En effet vers 2,4 milliards d'années, la concentration en oxygène dans l'atmosphère se met à augmenter pour atteindre un pic vers 2,1 milliards d'années. Ce taux de concentration est très inférieur à celui que nous connaissons aujourd'hui mais il est suffisant pour que l'oxygène se diffuse dans l'hydrosphère, jusqu'à 30 à 40 m de profondeur. Puis l'oxygène va brusquement chuter vers 1,9 milliard d'années, jusque vers 670 millions d'années. C'est une « période noire » en terme de registres fossiles pour les paléontologues. Viendra ensuite l'explosion des formes de vie au Cambrien.
    Mais par la suite, comme il est récurrent dans l'histoire de notre planète, les conditions de l'océan primitif devinrent moins favorables aux organismes à métabolisme complexe. Il faudra donc attendre le début du Cambrien, plus d'un milliard d'années après, pour assister à une nouvelle phase significative de diversification et expansion de la vie ("l'explosion cambrienne"), à moins de nouvelles découvertes extraordinaires comme celles du Gabon.

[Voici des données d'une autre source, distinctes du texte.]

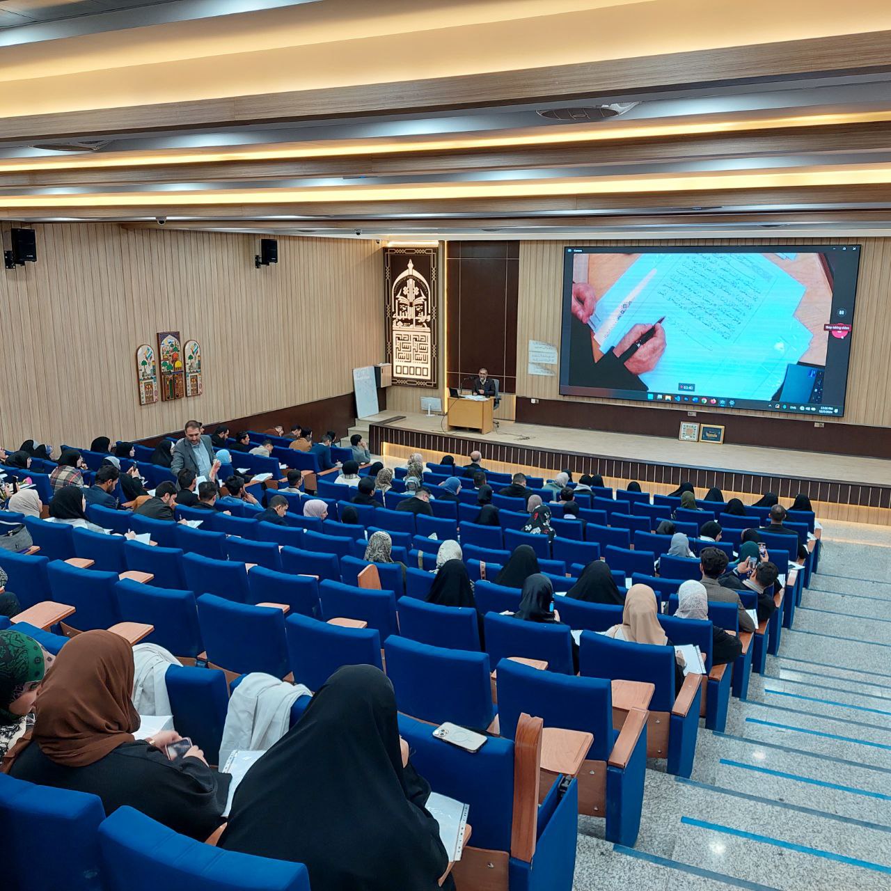 On Monday, December 2, 2024, the College of Islamic Sciences at the University of Warith al-Anbiya (peace be upon him) organized the first workshop in a series of workshops for the “Writing the Holy Qur’an - Words of Light” project, in the hall of the Al-Naeem Building.

    Jusqu'à présent, on retenait qu'avant deux milliards d'années la Terre était peuplée uniquement de microbes. Mais les fossiles du Gabon montrent que quelque chose de radicalement nouveau survint à cette époque: des cellules avaient commencé à coopérer pour former des unités plus complexes et plus grandes. A partir de ce moment, la voie s'est ouverte à de nouvelles expériences évolutives qui transformeront la biosphère en l'enrichissant d'organismes qui jouent encore aujourd'hui un rôle majeur dans la biodiversité.